FTU general-secretary Agni Deo Singh said the main cause of this was overworking.

“Overcrowding in the urban schools and overly large classes has been a matter of serious concern to the union for many years now,” Mr Singh said.

“A teacher teaching more than 40 students has to prepare lesson plans and programs, go through the curriculum, teaching, marking exercises and preparing exam papers and marking continuous assessments and preparing all progress reports.

“A language teacher has to mark 40 essays and that person has to read it all — that is what is required.”

Mr Singh claimed teaching was no longer a choice profession because of how teachers were treated.

“The policies that are now being implemented are not very friendly to teachers whether it is a transfer policy or the disciplinary policy.”

According to the Education Ministry’s website, statistics show that there are 148,048 students enrolled in 737 primary school and 66,127 students enrolled in 173 secondary schools this year.

There are 6121 teachers teaching in primary schools and 5570 teaching in secondary schools.

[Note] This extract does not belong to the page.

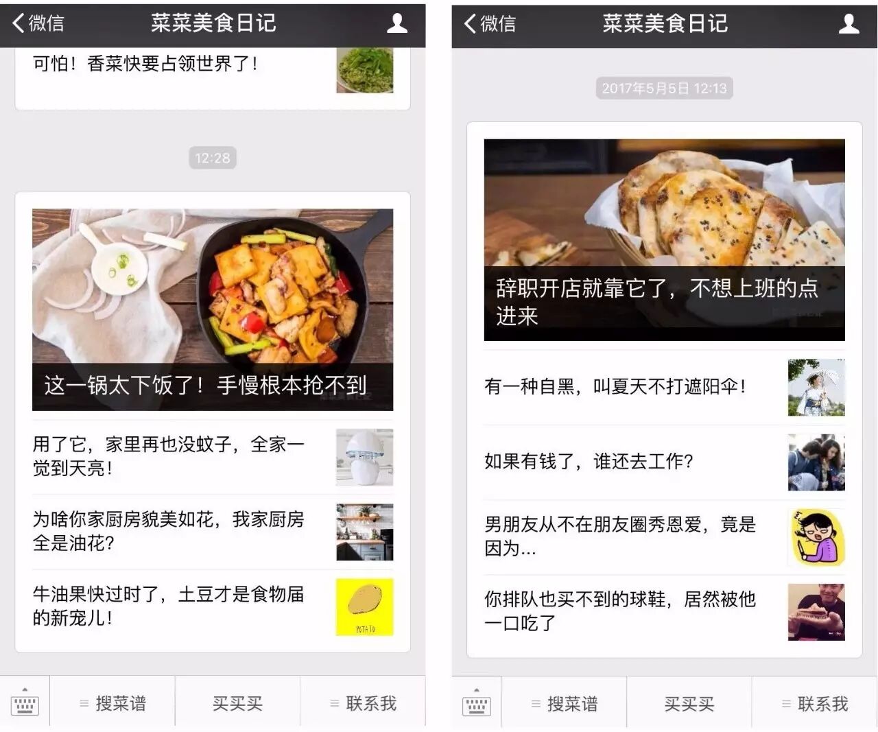 “以前看过一篇文章介绍某个号,说一卖货就涨粉,其实我们也是的。” 现在用户们已经非常习惯“菜菜美食日记”每天的二条推送商品,“他们常说,‘恨’死我们了,因为每次推荐的商品都忍不住剁手剁手,快连脚都剁没了。”

The two teacher unions said the ideal teacher-student ratio was one teacher to 35 students or less in a single class, one teacher to 22 students in a composite class and one teacher to 25 students for Year 1 and Year 13.

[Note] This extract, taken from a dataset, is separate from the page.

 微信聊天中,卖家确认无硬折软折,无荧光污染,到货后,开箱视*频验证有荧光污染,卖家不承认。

Fijian Teachers Association general-secretary Paula Manumanunitoga said having to teach more than 35 students was taking its toll on teachers.

“All the behavioural teaching strategies that they use in the classroom are ineffective, students can do whatever they want in the class,” he said.

“They refuse to write or do their homework and that builds up stress in the heads of our teachers.

“They make noise and disturb the class which makes teaching ineffective.”

Both the FTU and FTA have called on Government to build more classrooms and appoint more teachers.

“We have been submitting to the ministry to combat the shortage of classrooms,” Mr Singh said.

“Let us get some more teachers, train them and put them in these classrooms.

“We can adopt teaching methods of other countries where we have two teachers in a classroom, one teacher is teaching the whole class and the other teacher checking on the progress of students.”

Meanwhile, questions sent to the Education Ministry last Wednesday on the claims made by both unions remain unanswered when this report went to press.